• [DATA PROVIDED]

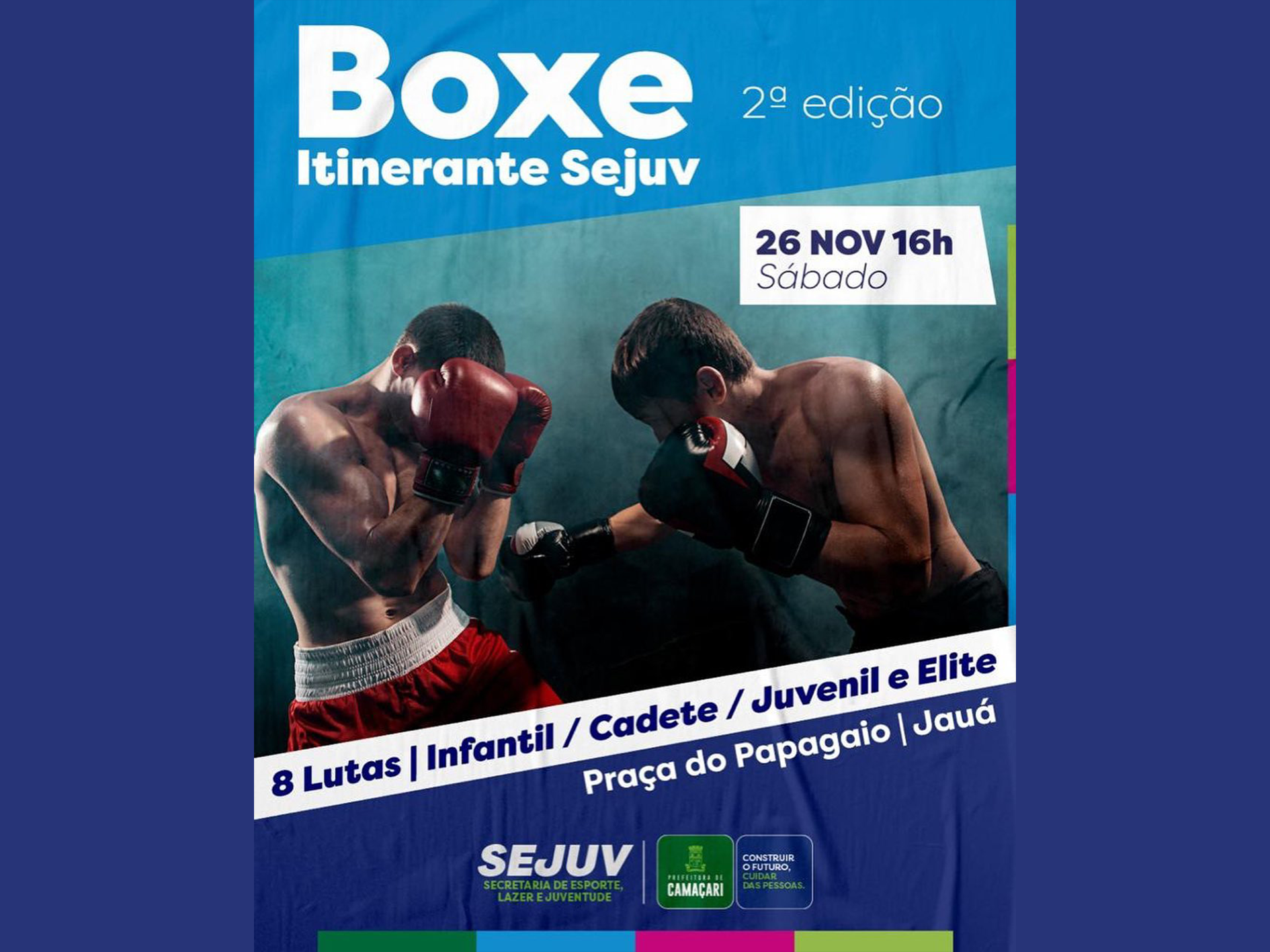 Neste sábado (26), a partir das 16h, a nova Praça do Papagaio, em Jauá recebe o projeto Boxe Itinerante Sejuv.
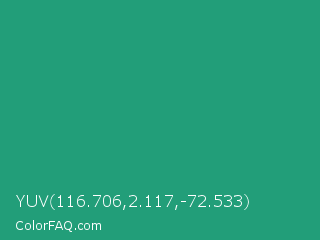 YUV 116.706,2.117,-72.533 Color is a normal green color and the nearest color is Green Crayola #1cac78. Hex code #229e79 and RGB value is rgb(34,158,121). In RGB color space, this color is composed of 13% red, 62% green, 47% blue, In CMYK color space, this color is composed of 78% cyan, 0% magenta, 23% yellow , 38% black , In HSL color space, this color has a hue angle of 162° , 65% saturation and 38% lightness.
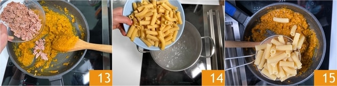 Geben Sie die Wurst zum Kürbispüree und mischen Sie 13. Kochen Sie die Tortiglioni 14, lassen Sie sie al dente abtropfen und geben Sie sie direkt in die Pfanne mit der Soße 15.
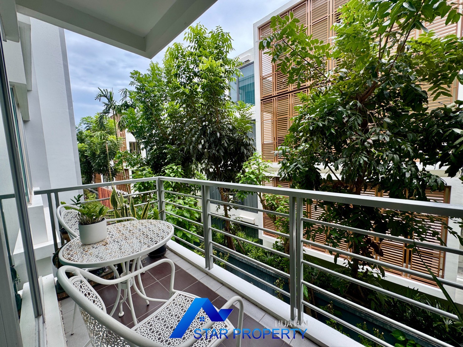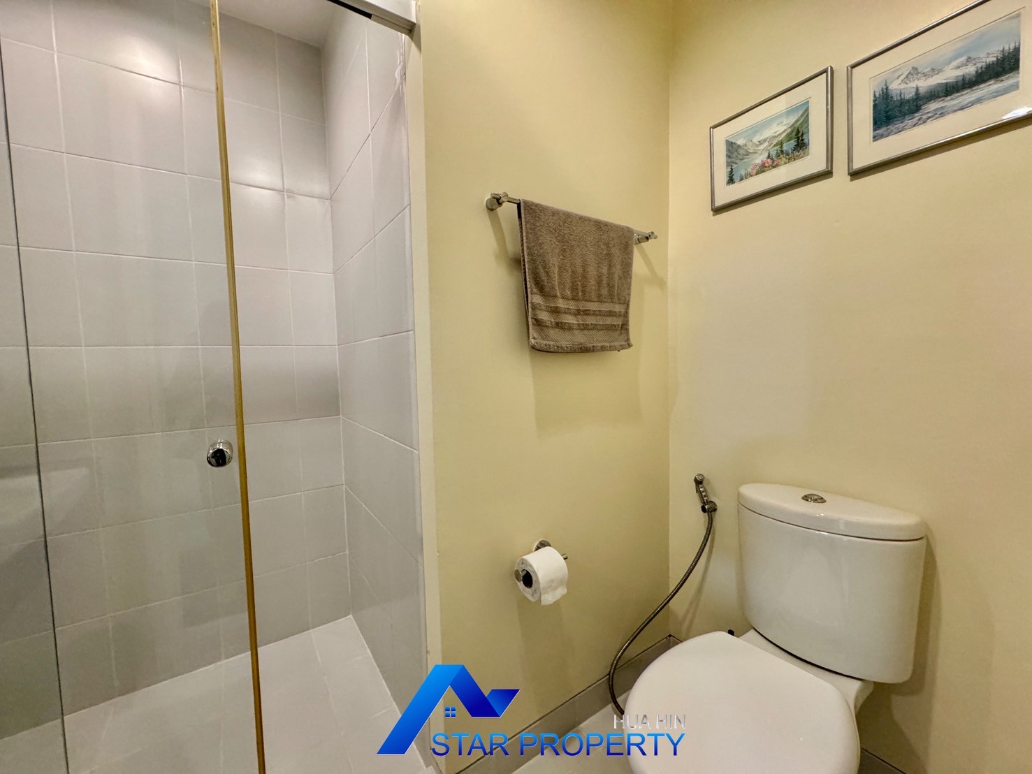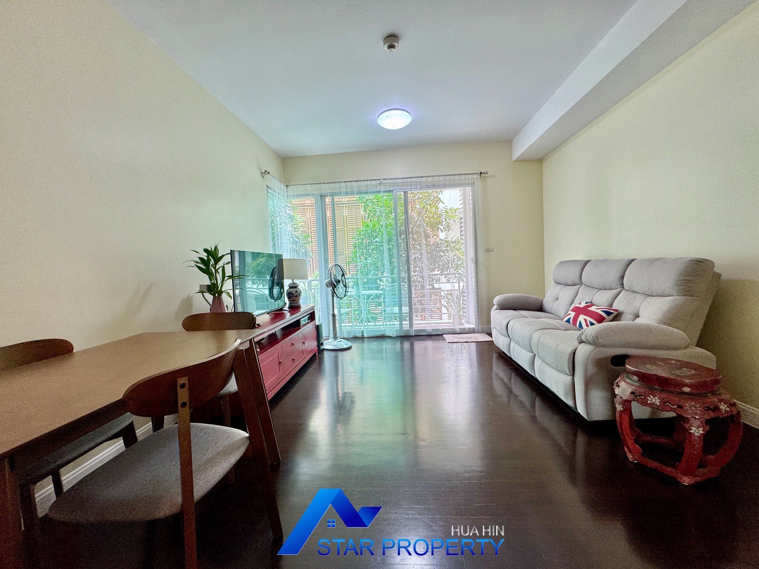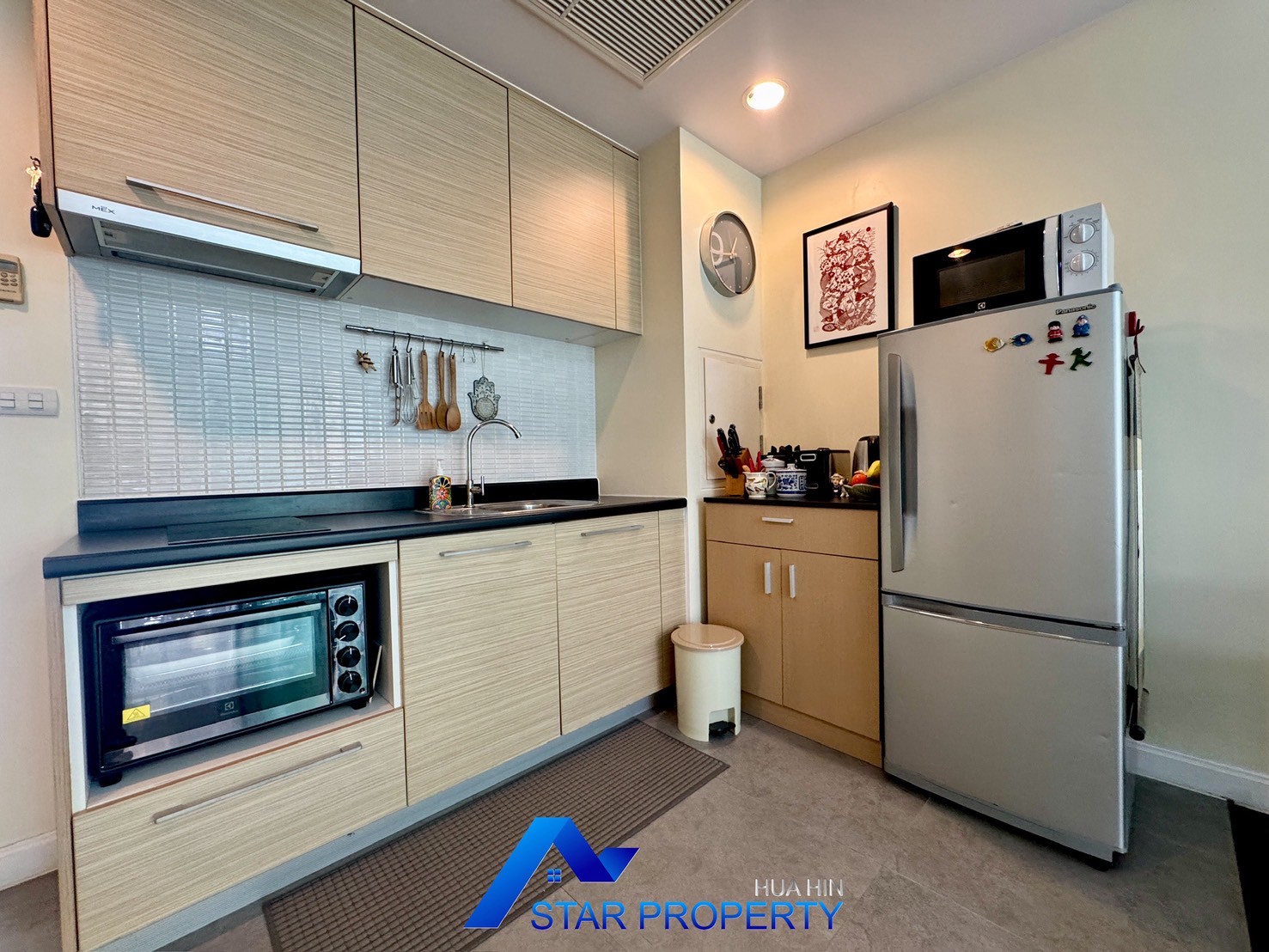 Condominium in the heart of the city, opposite Market Village shopping mall. Not many units, total 93 units. Direct access to the most beautiful beach in Hua Hin. This corner unit consists of 2 bedrooms and 2 bathrooms, fully furnished ( except personal stuff and some pieces of decoration, 2nd floor, usable area 74 sq.m. Open living/dining/kitchen area with sliding doors to a private balcony with garden and tree views on the left. This property is not to be missed!!

• [REQUIRED WORK]
Nothing but an exact copy of the data, without pictures, should be returned.

• [REPLY TO THE TASK]
 Neste sábado (26), a partir das 16h, a nova Praça do Papagaio, em Jauá recebe o projeto Boxe Itinerante Sejuv.
 YUV 116.706,2.117,-72.533 Color is a normal green color and the nearest color is Green Crayola #1cac78. Hex code #229e79 and RGB value is rgb(34,158,121). In RGB color space, this color is composed of 13% red, 62% green, 47% blue, In CMYK color space, this color is composed of 78% cyan, 0% magenta, 23% yellow , 38% black , In HSL color space, this color has a hue angle of 162° , 65% saturation and 38% lightness.
 Geben Sie die Wurst zum Kürbispüree und mischen Sie 13. Kochen Sie die Tortiglioni 14, lassen Sie sie al dente abtropfen und geben Sie sie direkt in die Pfanne mit der Soße 15.
 Condominium in the heart of the city, opposite Market Village shopping mall. Not many units, total 93 units. Direct access to the most beautiful beach in Hua Hin. This corner unit consists of 2 bedrooms and 2 bathrooms, fully furnished ( except personal stuff and some pieces of decoration, 2nd floor, usable area 74 sq.m. Open living/dining/kitchen area with sliding doors to a private balcony with garden and tree views on the left. This property is not to be missed!!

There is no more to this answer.